Si en “Triángulo escaleno” era Sergio Perales el que más se desmarcaba del estilo de sus compañeros con su universo onírico, sus personajes fronterizos entre la vida y la muerte y la abstracción total de símbolos e ideas, en “Dioses comiendo moscas” el papel de nota discordante –que no malsonante– la pone Ernesto. Los relatos de Jorge Biarge navegan entre un océano de cotidianidades llevadas al extremo y ligeros goteos históricos revestidos de humanidad y sentimientos encontrados. En el caso de Sergio Perales también se alternan los escenarios contemporáneos con alguna secuencia sacada del ayer. Contrasta especialmente en su caso el cambio de registro entre su estilo anterior, críptico, difícil, laberíntico, simbólico, con su nueva manera de plasmar las inclinaciones literarias: descripciones generosas, personajes borrachos de nostalgia, constreñidos por la pasión, desenlaces inequívocos y universos mucho más reconocibles para el lector de a pie.

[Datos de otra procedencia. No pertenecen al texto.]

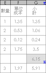 您可以移入有之前欄儲存格值總和的表格儲存格。例如,您可以在 BOM 中顯示一組項目的成本的小計。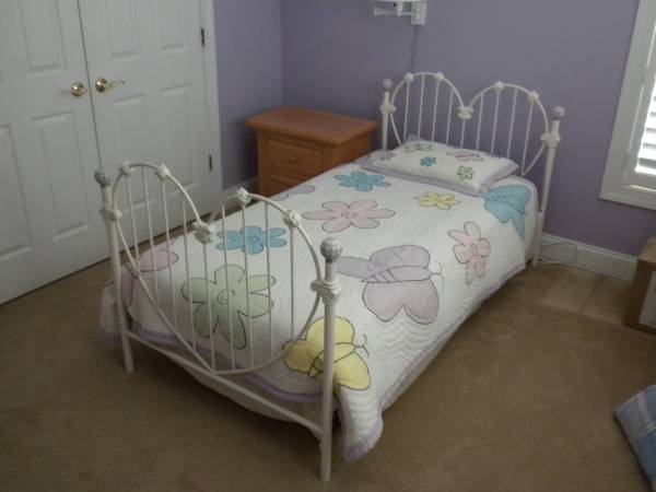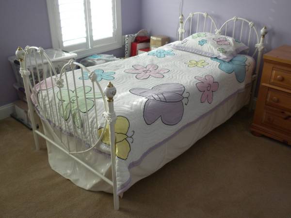 White metal bunk beds.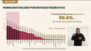 El informe también detalla que siete estados concentran el 50.6 por ciento de los homicidios dolosos en el país: Guanajuato, Baja California, Chihuahua, Estado de México, Sinaloa, Morelos y Guerrero. El promedio nacional durante enero fue de 49.28 casos diarios.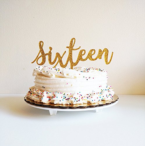 Sixteenth Birthday Gold Glitter Cake Topper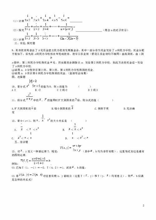 首先,让我们从分式的定义开始。分式,简单来说,就是由分子和分母组成的表达式,其中分子和分母都可以是整数、小数或者代数式。在八年级下册数学中,我们主要学习的是简单分式的运算和性质。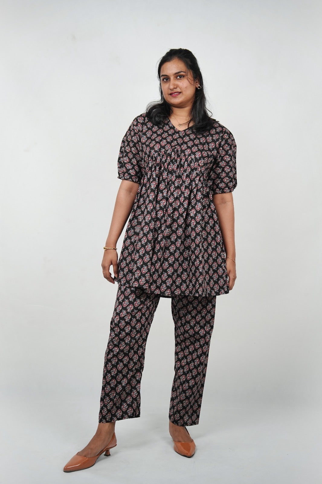 Classic Black Floral Maternity & Feeding Friendly Soft Premium Rayon Cotton Coord Set

Jorge, por su parte, sigue fiel a un estilo único, engalanado, reflexivo, rico en vocablos y de ligera vocación ensayística. ¿Quién dijo que no se podía opinar desde la ficción?
Antes de pasar a desmenuzar cada uno de los cortes de este maravilloso disco narrativo, quiero mostrar mi falta de discernimiento sobre el orden de los mismos. Futurismo al principio, presentismo salteado en medio y ligeros guiños al pasado en el final. La secuencia, sin embargo, no es cronológica. Ahí sobresale “La sed de Ícaro” para desmontar mi teoría temporal invertida. Tampoco podemos acogernos a la autoría: todo Ernesto de primero y Jorge y Sergio alternándose el segundo plato y el postre. Ni la longitud ni la temática aglutinan los cuentos. Si el orden obedece a algún patrón establecido, se escapa a mi razonamiento.
Ah, el prólogo es de Luis López Nieves, prestigioso escritor portorriqueño dos veces ganador del Premio Nacional en su tierra; la portada es de Patricia Calvano y las ilustraciones de Ismael Blasco. Me he tomado la licencia de tomarlas para mi crítica. Si desean más información sobre la obra, pinchen sobre el enlace:
http://www.grupoajec.es/index.php?option=com_sobi2&sobi2Task=sobi2Details&sobi2Id=170&Itemid=
Les dejo con un escáner literario de unos esqueletos de letras muy bien plantados. Sus padres los criaron bien. Si en algún momento se aburren de tanta paraliteratura, abandonen estas líneas y empiecen a comer moscas, se transformarán en dioses.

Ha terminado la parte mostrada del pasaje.